Recorded data:
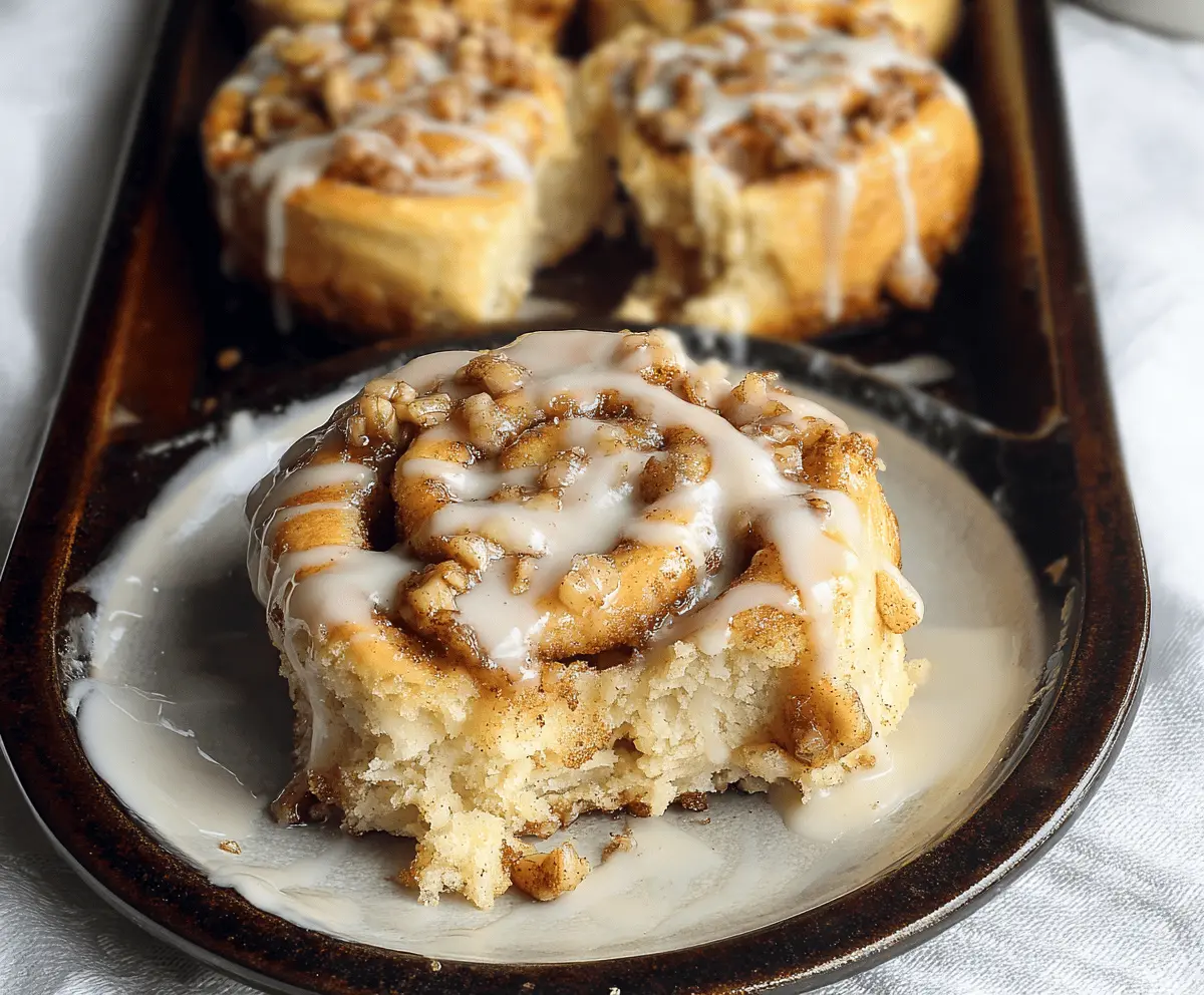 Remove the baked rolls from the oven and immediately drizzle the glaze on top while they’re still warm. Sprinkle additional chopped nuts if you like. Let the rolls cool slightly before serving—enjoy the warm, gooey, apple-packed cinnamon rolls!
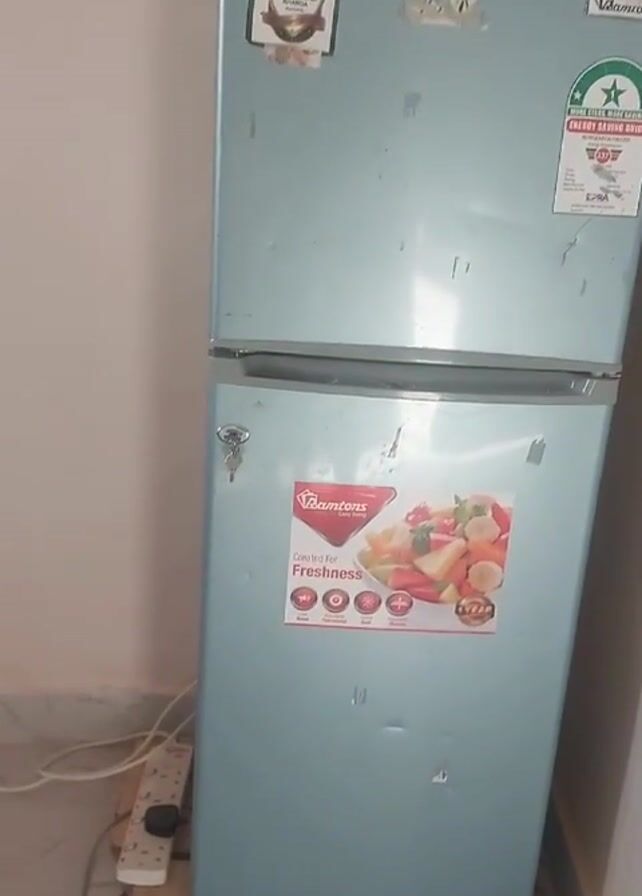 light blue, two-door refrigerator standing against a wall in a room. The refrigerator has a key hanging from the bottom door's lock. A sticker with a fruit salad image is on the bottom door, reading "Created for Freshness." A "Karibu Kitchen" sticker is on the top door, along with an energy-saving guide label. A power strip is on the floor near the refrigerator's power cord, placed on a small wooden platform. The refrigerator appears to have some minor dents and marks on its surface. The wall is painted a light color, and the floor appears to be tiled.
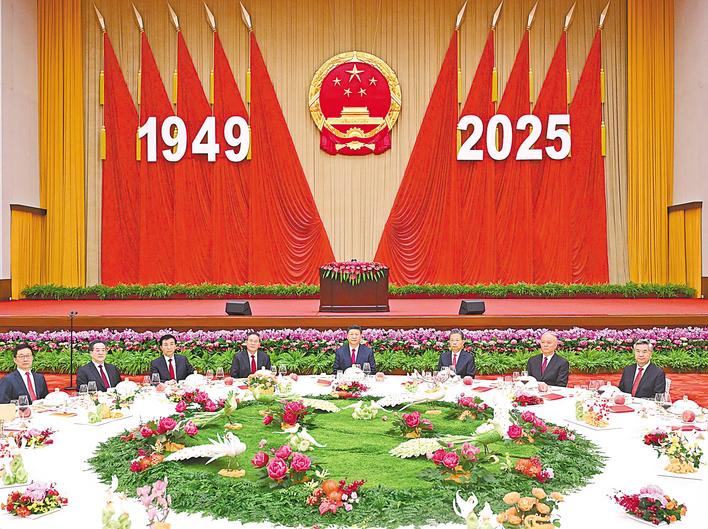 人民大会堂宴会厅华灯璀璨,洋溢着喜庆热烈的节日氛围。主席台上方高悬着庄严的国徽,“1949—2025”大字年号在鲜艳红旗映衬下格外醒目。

What you should do: Leaving out the pictures, transcribe the material above exactly.

Exercise answer:
 Remove the baked rolls from the oven and immediately drizzle the glaze on top while they’re still warm. Sprinkle additional chopped nuts if you like. Let the rolls cool slightly before serving—enjoy the warm, gooey, apple-packed cinnamon rolls!
 light blue, two-door refrigerator standing against a wall in a room. The refrigerator has a key hanging from the bottom door's lock. A sticker with a fruit salad image is on the bottom door, reading "Created for Freshness." A "Karibu Kitchen" sticker is on the top door, along with an energy-saving guide label. A power strip is on the floor near the refrigerator's power cord, placed on a small wooden platform. The refrigerator appears to have some minor dents and marks on its surface. The wall is painted a light color, and the floor appears to be tiled.
 人民大会堂宴会厅华灯璀璨,洋溢着喜庆热烈的节日氛围。主席台上方高悬着庄严的国徽,“1949—2025”大字年号在鲜艳红旗映衬下格外醒目。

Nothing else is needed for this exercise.